**Dataset section:**
◇ ◇ ◇ ◇ ◇ ◇ ◇

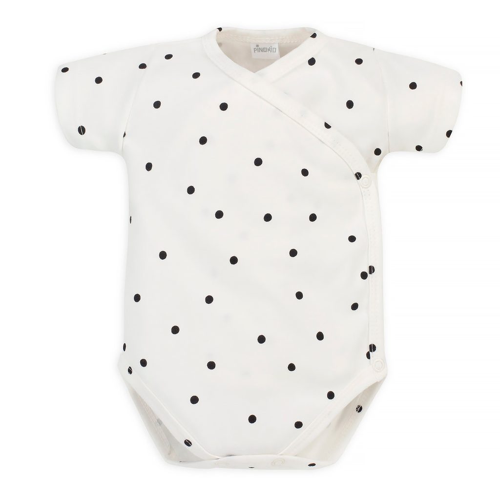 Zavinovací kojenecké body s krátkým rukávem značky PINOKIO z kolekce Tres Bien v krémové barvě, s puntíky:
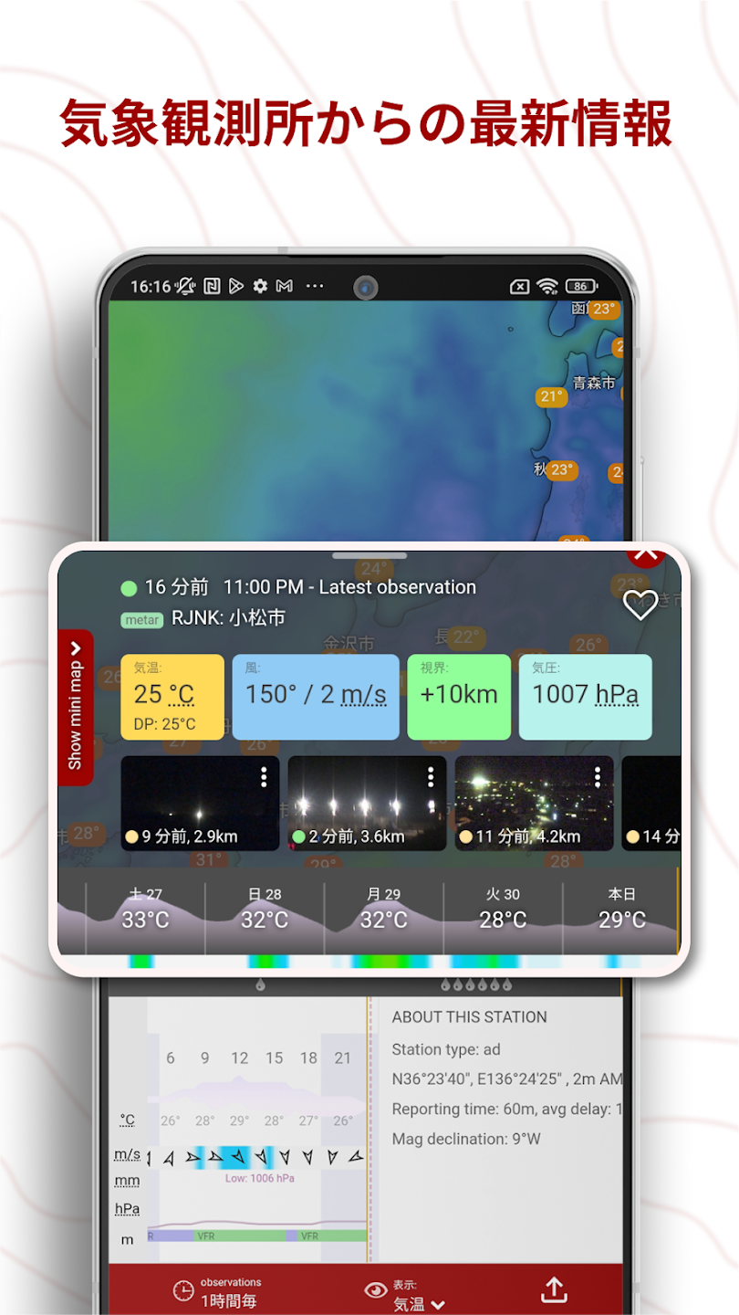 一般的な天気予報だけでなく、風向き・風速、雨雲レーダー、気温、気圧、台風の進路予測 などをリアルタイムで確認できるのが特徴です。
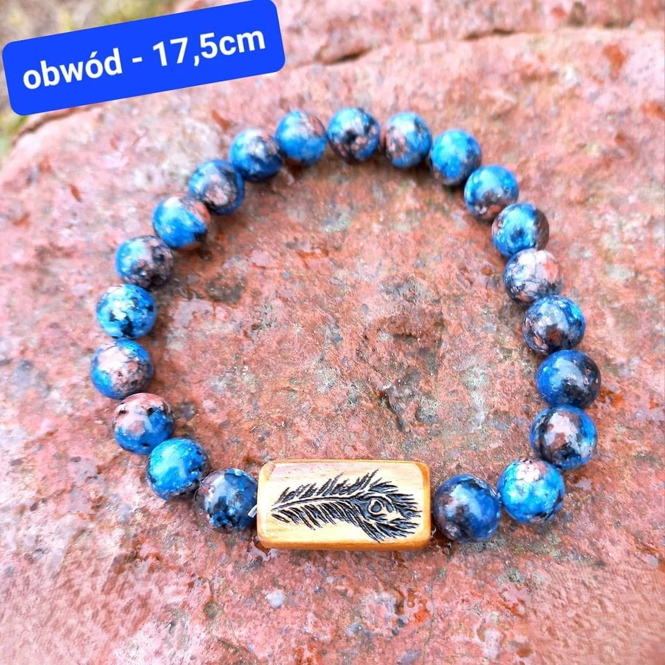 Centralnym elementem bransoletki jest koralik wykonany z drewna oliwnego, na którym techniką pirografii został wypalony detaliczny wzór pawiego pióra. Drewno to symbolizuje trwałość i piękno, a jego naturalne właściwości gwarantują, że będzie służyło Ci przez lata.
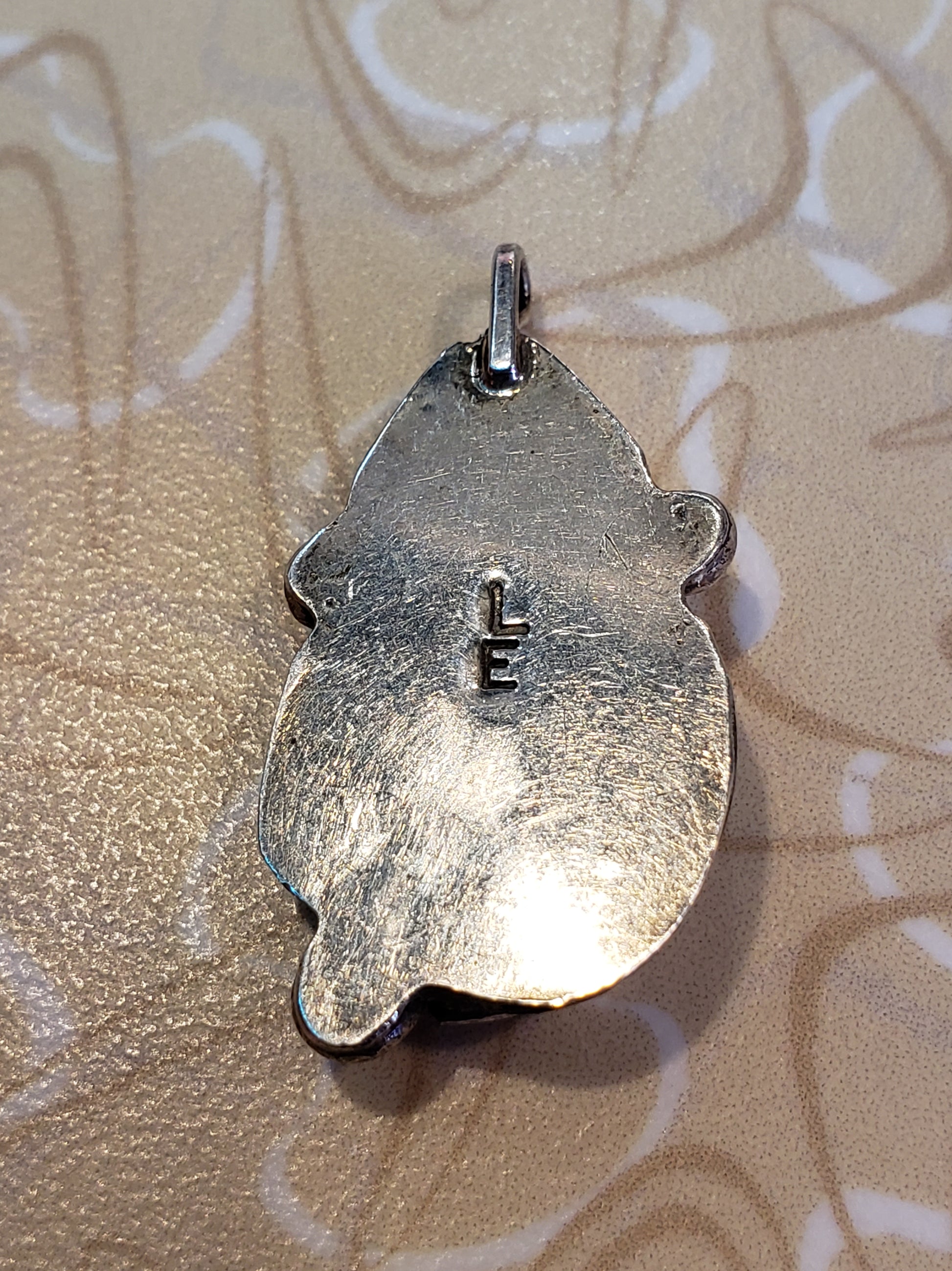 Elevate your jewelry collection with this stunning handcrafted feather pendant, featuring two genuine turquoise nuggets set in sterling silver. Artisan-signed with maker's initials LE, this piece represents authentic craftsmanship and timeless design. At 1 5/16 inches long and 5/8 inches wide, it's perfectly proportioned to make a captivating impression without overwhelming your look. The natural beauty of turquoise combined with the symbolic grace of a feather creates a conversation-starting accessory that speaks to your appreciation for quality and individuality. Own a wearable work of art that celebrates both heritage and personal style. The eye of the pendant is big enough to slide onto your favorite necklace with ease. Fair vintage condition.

◇ ◇ ◇ ◇ ◇ ◇ ◇

**Assignment:** Each line above should be returned exactly as written, apart from any pictures.

**Your solution:**
 Zavinovací kojenecké body s krátkým rukávem značky PINOKIO z kolekce Tres Bien v krémové barvě, s puntíky:
 一般的な天気予報だけでなく、風向き・風速、雨雲レーダー、気温、気圧、台風の進路予測 などをリアルタイムで確認できるのが特徴です。
 Centralnym elementem bransoletki jest koralik wykonany z drewna oliwnego, na którym techniką pirografii został wypalony detaliczny wzór pawiego pióra. Drewno to symbolizuje trwałość i piękno, a jego naturalne właściwości gwarantują, że będzie służyło Ci przez lata.
 Elevate your jewelry collection with this stunning handcrafted feather pendant, featuring two genuine turquoise nuggets set in sterling silver. Artisan-signed with maker's initials LE, this piece represents authentic craftsmanship and timeless design. At 1 5/16 inches long and 5/8 inches wide, it's perfectly proportioned to make a captivating impression without overwhelming your look. The natural beauty of turquoise combined with the symbolic grace of a feather creates a conversation-starting accessory that speaks to your appreciation for quality and individuality. Own a wearable work of art that celebrates both heritage and personal style. The eye of the pendant is big enough to slide onto your favorite necklace with ease. Fair vintage condition.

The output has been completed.